_Aim of the exercise:_ Transcribe all the entries word for word, but omit the images.

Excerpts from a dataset
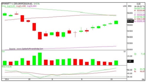 Bank Nifty’s next immediate resistance is around 55570 levels on the upside and on a decisive close above expect a rise to 55800-56000. There is an immediate support at 55100-54870 levels.
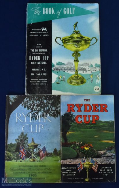 1951, 1953, and 1957 Official Ryder Cup Golf Programmes - features 1951 at Pinehurst date 2-4 Nov; 1953 Wentworth Programme, wrappers soiled, note this was the first time that Republic of Ireland players were selected; and 1957 Lindrick Golf Club programme c/w draw sheet coupons - general condition mixed (F/) (3)
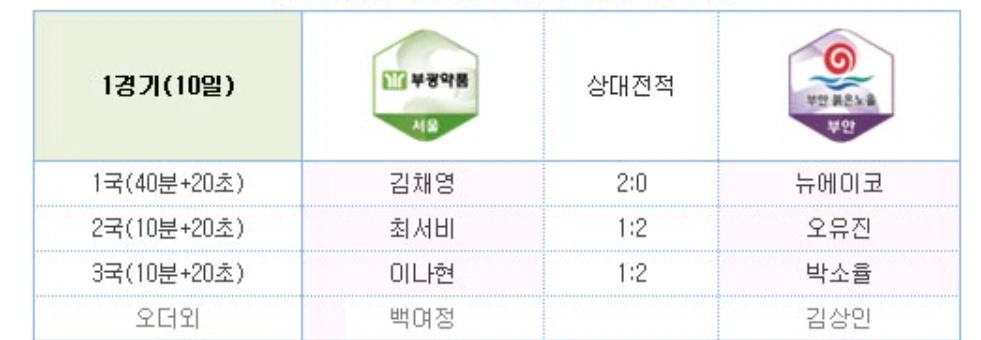 대망의 개막전은 서울 부광약품과 부안 붉은노을의 승부가 되었다. 앞서 나는 <팀 전력 분석> 편에서 부광약품 팀에게는 4.5점(중하), 부안 팀에게는 6점(중)의 평점을 준 바 있다. 하지만 이것은 다른 모든 팀들과의 대결을 염두에 둔 평점이다. 이 두 팀의 격돌은 어떻게 될까?
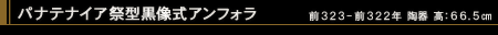 | パナテナイア祭はアテナ女神の大祭典で、アテネの1年の第1月ヘカトムバイオン(現在の7月−8月)の28日から開催された。この日はアテナの誕生日とされる。このタイプのアンフォラ(本来はワインなど液体を貯蔵する容器だが、墓標にも使用された)は、パナテナイア祭の競技の優勝者にオリーヴ油を入れて贈られたもので、一面にアテナ女神を描き、その裏面に優勝者の競技種目が描かれた。前540年頃に規格化されて、前500年頃に陶器画の技法が黒像式(黒絵式)から赤像式(赤絵式)に転換した後も、特別なアンフォラとしてこの規格と技法が維持された。また、前4世紀には、パナテナイア祭開催年のアルコン(執政官)の名が記され、しかもアルコンは1年任期なので、制作年が特定できる貴重な作品群である。 |
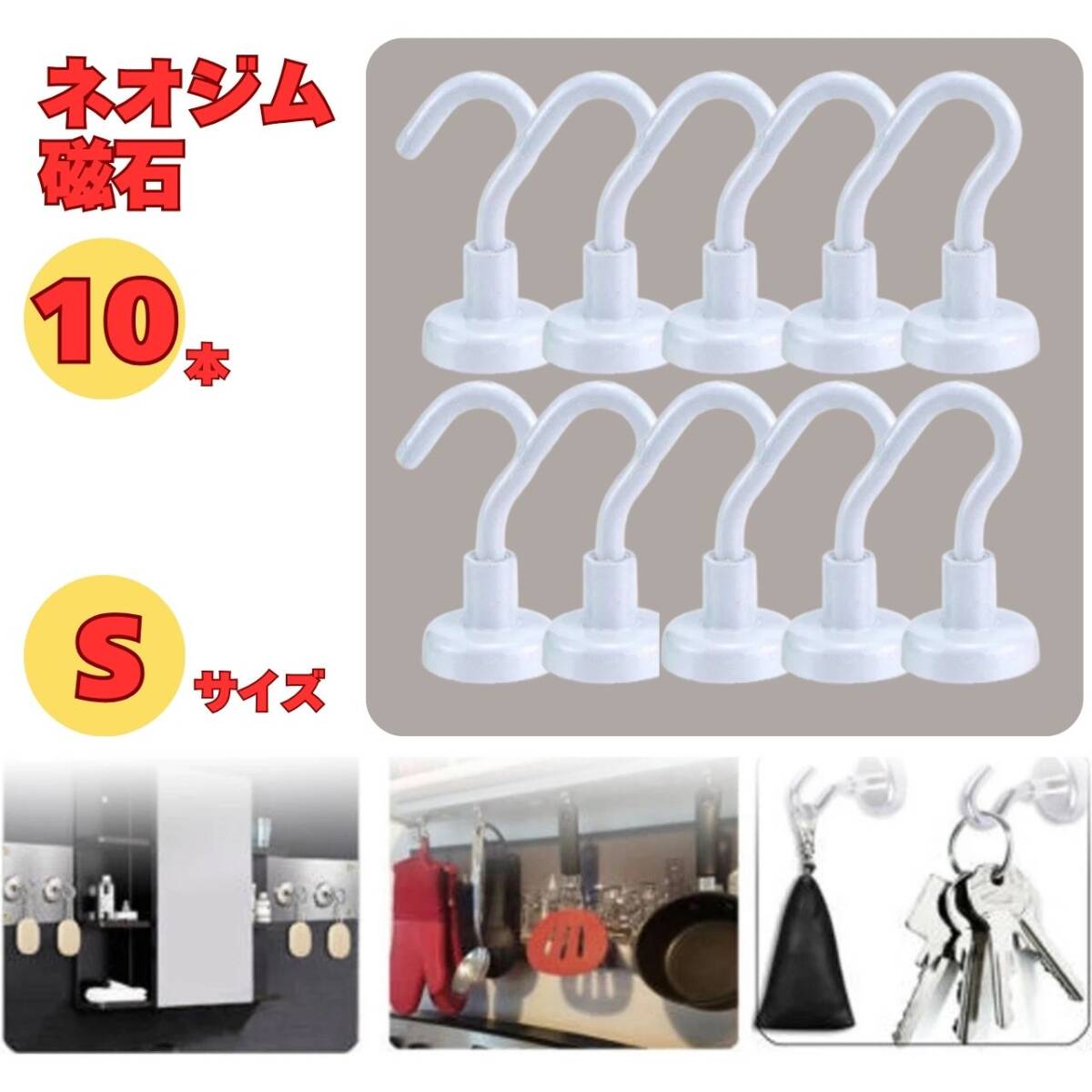 マグネットフック 大きめ 白 10個セット キッチン 収納 フライパン フック レンジフード
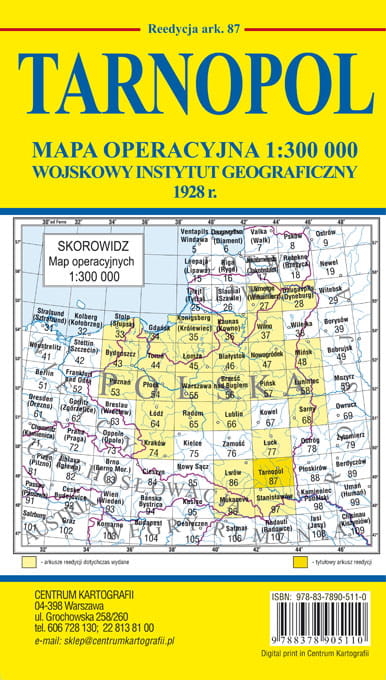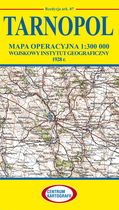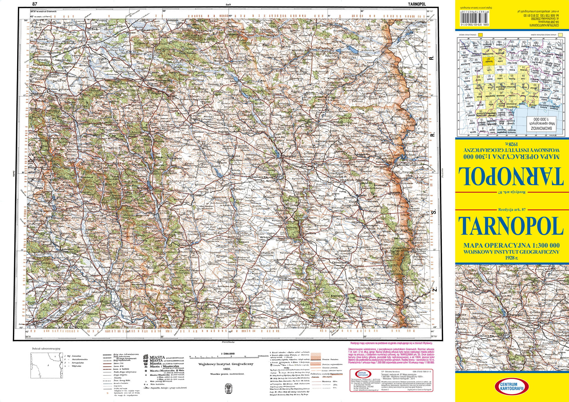 TARNOPOL: reedycja ark. 87 Mapy operacyjnej 1:300 000, Wojskowego Instytutu Geograficznego wydanej w 1928 r. w Warszawie. Odwzorowanie quasi-stereograficzne WIG. Rozmiar arkusza: 49 st. - 50 st. szer. geograficznej północnej i 24 st. 20' - 26 st. 20' dług. geograficznej wschodniej. Nazwą tytułową jest największe miasto położone na arkuszu tj. Tarnopol i numer cyfrowy 87. Druk mapy był sześciobarwny (dwa kolory główne, pozostałe były nadrukowywane). Rzeźba terenu - warstwice co 10 m. Powierzchnia jednego arkusza mapy 1:300 000 odpowiadała powierzchni 16 arkuszy mapy 1:100 000 WIG. Mapa była używana na wszystkich szczeblach dowodzenia. Była pierwszą mapa wydawaną w II Rzeczypospolitej przedstawiającą aktualny podział administracyjny na województwa i powiaty. Mapa charakteryzowała się dużą szczegółowością. Wiernie przedstawiała sieć osadniczą i komunikacyjną, a także pokrycie danego terenu lasami. Opis poza ramką zawierał szkic podziału administracyjnego i objaśnienia znaków topograficznych. W celach wydawniczych dodaliśmy okładkę oraz własną charakterystykę wigowskiej mapy operacyjnej 1:300 000. Wymiary naszego arkusza wydawniczego to: 68 cm x 48 cm, po złożeniu: 24 cm x 13,6 cm. Centrum Kartografii, wydanie drugie 2014 r. Druk cyfrowy.
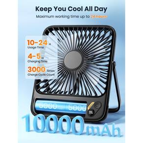 - Desempenho de resfriamento poderoso e eficiente: equipado com uma bateria recarregável de 10000mAh de alta capacidade, mantenha-se fresco o dia todo com até 10 a 24 horas de operação contínua com uma única carga completa. Suas configurações de 4 velocidades e design de 5 lâminas fornecem resfriamento poderoso e silencioso, tornando-o perfeito para escritórios, residências e aventuras ao ar livre
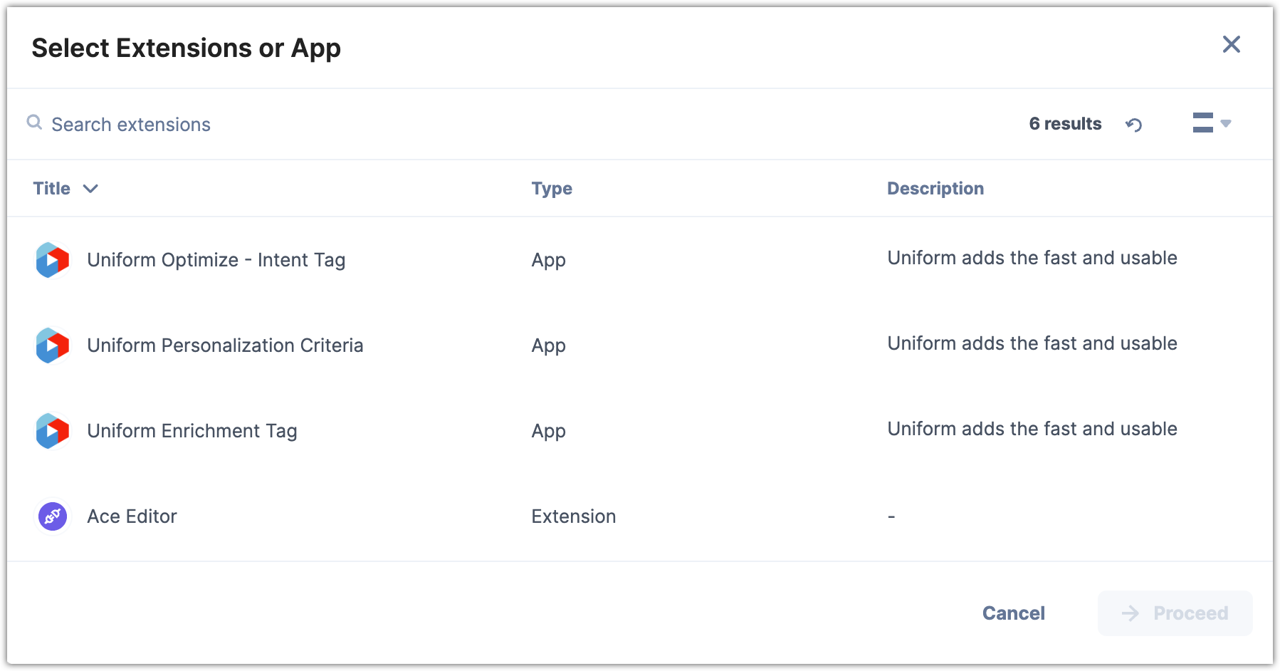 The Uniform app in the Contentstack Marketplace adds a number of custom field types that allow content authors to configure personalization during the content authoring process. You must add this app to your stack.
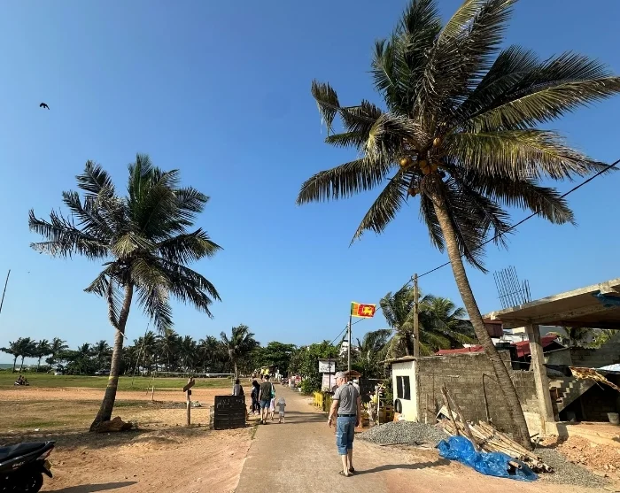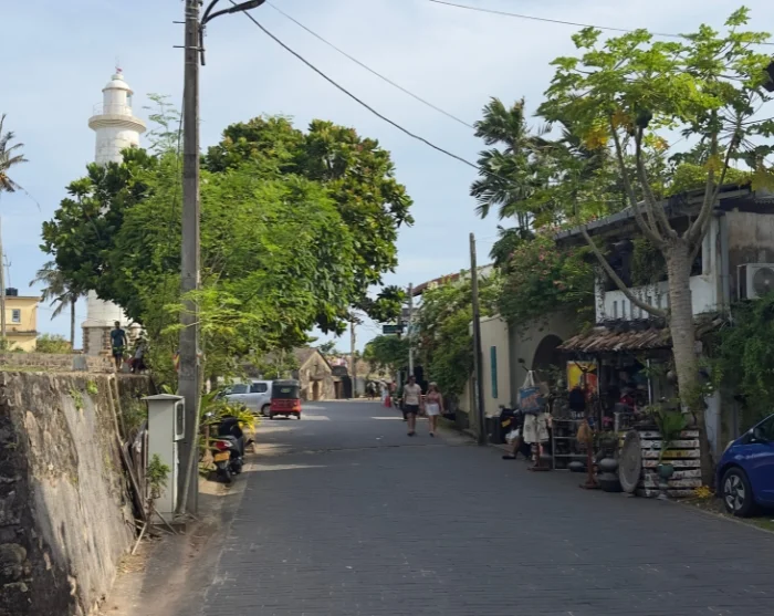 Die pulsierende Hauptstraße, die Galle Road, führt mitten durch den Ort und ist gesäumt von einladenden Restaurants, Tauchschulen und kleinen, liebevoll eingerichteten Geschäften. Vor Ihnen breiten sich die tropischen Strände mit Blick auf das Meer aus, während sich dahinter eine üppige, authentische Landschaft mit kleinen Häusern und Ständen erstreckt, an denen frisches Obst und erfrischende Kokosnüsse verkauft werden.
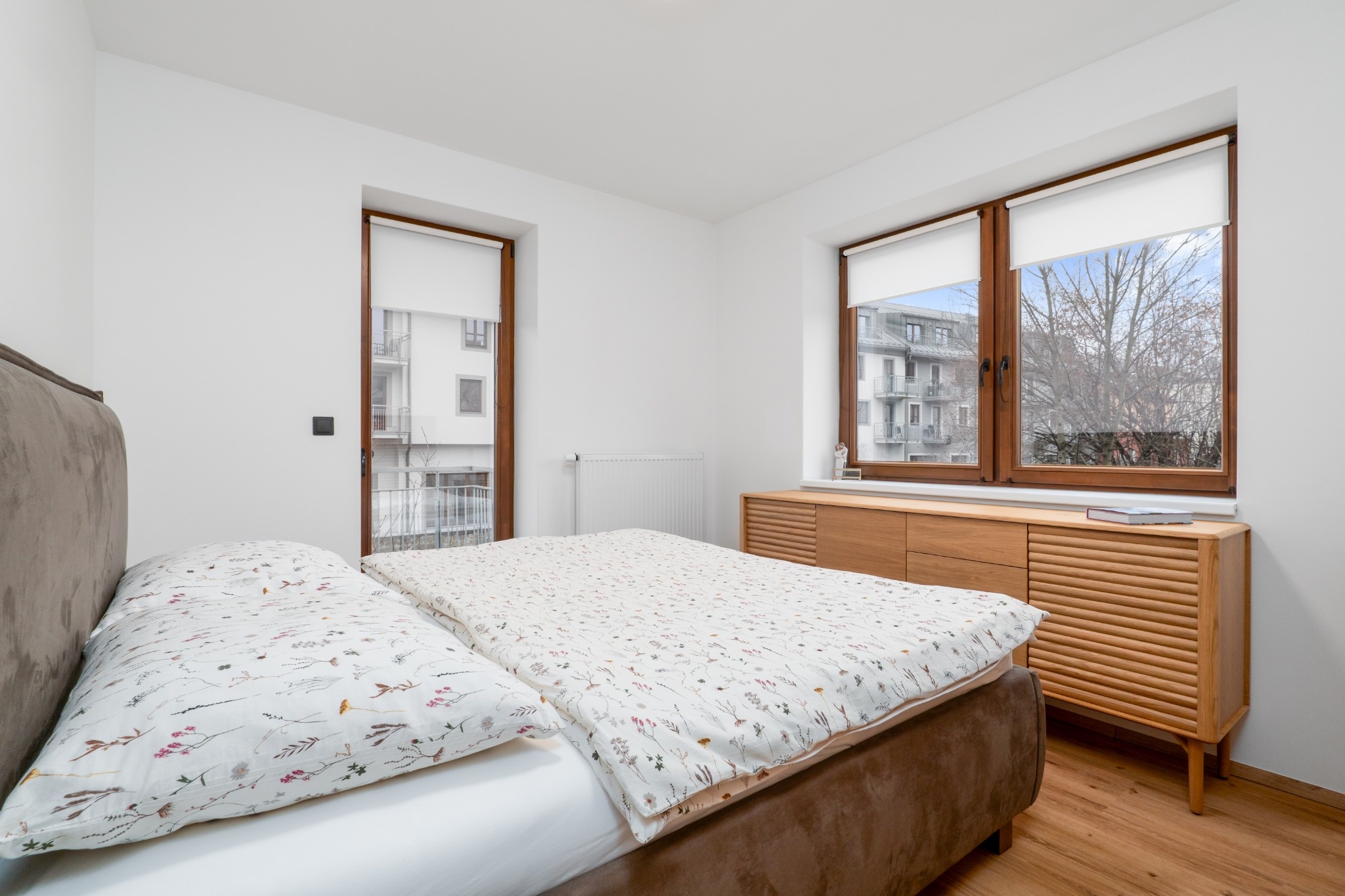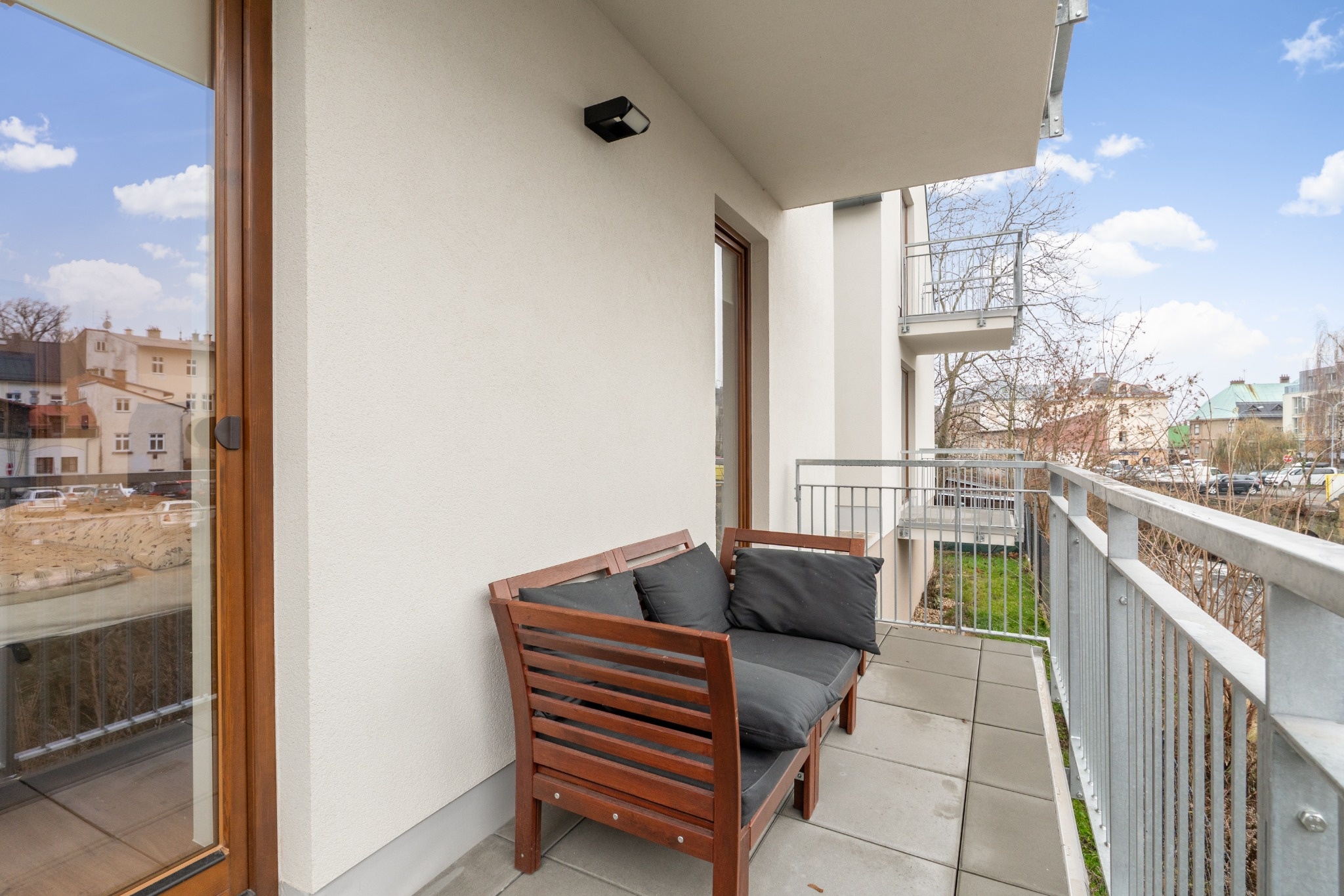 Obě ložnice mají přímý vstup na západně orientovaný balkón, který nabízí dostatek světla a příjemnou atmosféru zejména v odpoledních a večerních hodinách.

_Exercise output:_
 Bank Nifty’s next immediate resistance is around 55570 levels on the upside and on a decisive close above expect a rise to 55800-56000. There is an immediate support at 55100-54870 levels.
 1951, 1953, and 1957 Official Ryder Cup Golf Programmes - features 1951 at Pinehurst date 2-4 Nov; 1953 Wentworth Programme, wrappers soiled, note this was the first time that Republic of Ireland players were selected; and 1957 Lindrick Golf Club programme c/w draw sheet coupons - general condition mixed (F/) (3)
 대망의 개막전은 서울 부광약품과 부안 붉은노을의 승부가 되었다. 앞서 나는 <팀 전력 분석> 편에서 부광약품 팀에게는 4.5점(중하), 부안 팀에게는 6점(중)의 평점을 준 바 있다. 하지만 이것은 다른 모든 팀들과의 대결을 염두에 둔 평점이다. 이 두 팀의 격돌은 어떻게 될까?
 | パナテナイア祭はアテナ女神の大祭典で、アテネの1年の第1月ヘカトムバイオン(現在の7月−8月)の28日から開催された。この日はアテナの誕生日とされる。このタイプのアンフォラ(本来はワインなど液体を貯蔵する容器だが、墓標にも使用された)は、パナテナイア祭の競技の優勝者にオリーヴ油を入れて贈られたもので、一面にアテナ女神を描き、その裏面に優勝者の競技種目が描かれた。前540年頃に規格化されて、前500年頃に陶器画の技法が黒像式(黒絵式)から赤像式(赤絵式)に転換した後も、特別なアンフォラとしてこの規格と技法が維持された。また、前4世紀には、パナテナイア祭開催年のアルコン(執政官)の名が記され、しかもアルコンは1年任期なので、制作年が特定できる貴重な作品群である。 |
 マグネットフック 大きめ 白 10個セット キッチン 収納 フライパン フック レンジフード
 TARNOPOL: reedycja ark. 87 Mapy operacyjnej 1:300 000, Wojskowego Instytutu Geograficznego wydanej w 1928 r. w Warszawie. Odwzorowanie quasi-stereograficzne WIG. Rozmiar arkusza: 49 st. - 50 st. szer. geograficznej północnej i 24 st. 20' - 26 st. 20' dług. geograficznej wschodniej. Nazwą tytułową jest największe miasto położone na arkuszu tj. Tarnopol i numer cyfrowy 87. Druk mapy był sześciobarwny (dwa kolory główne, pozostałe były nadrukowywane). Rzeźba terenu - warstwice co 10 m. Powierzchnia jednego arkusza mapy 1:300 000 odpowiadała powierzchni 16 arkuszy mapy 1:100 000 WIG. Mapa była używana na wszystkich szczeblach dowodzenia. Była pierwszą mapa wydawaną w II Rzeczypospolitej przedstawiającą aktualny podział administracyjny na województwa i powiaty. Mapa charakteryzowała się dużą szczegółowością. Wiernie przedstawiała sieć osadniczą i komunikacyjną, a także pokrycie danego terenu lasami. Opis poza ramką zawierał szkic podziału administracyjnego i objaśnienia znaków topograficznych. W celach wydawniczych dodaliśmy okładkę oraz własną charakterystykę wigowskiej mapy operacyjnej 1:300 000. Wymiary naszego arkusza wydawniczego to: 68 cm x 48 cm, po złożeniu: 24 cm x 13,6 cm. Centrum Kartografii, wydanie drugie 2014 r. Druk cyfrowy.
 - Desempenho de resfriamento poderoso e eficiente: equipado com uma bateria recarregável de 10000mAh de alta capacidade, mantenha-se fresco o dia todo com até 10 a 24 horas de operação contínua com uma única carga completa. Suas configurações de 4 velocidades e design de 5 lâminas fornecem resfriamento poderoso e silencioso, tornando-o perfeito para escritórios, residências e aventuras ao ar livre
 The Uniform app in the Contentstack Marketplace adds a number of custom field types that allow content authors to configure personalization during the content authoring process. You must add this app to your stack.
 Die pulsierende Hauptstraße, die Galle Road, führt mitten durch den Ort und ist gesäumt von einladenden Restaurants, Tauchschulen und kleinen, liebevoll eingerichteten Geschäften. Vor Ihnen breiten sich die tropischen Strände mit Blick auf das Meer aus, während sich dahinter eine üppige, authentische Landschaft mit kleinen Häusern und Ständen erstreckt, an denen frisches Obst und erfrischende Kokosnüsse verkauft werden.
 Obě ložnice mají přímý vstup na západně orientovaný balkón, který nabízí dostatek světla a příjemnou atmosféru zejména v odpoledních a večerních hodinách.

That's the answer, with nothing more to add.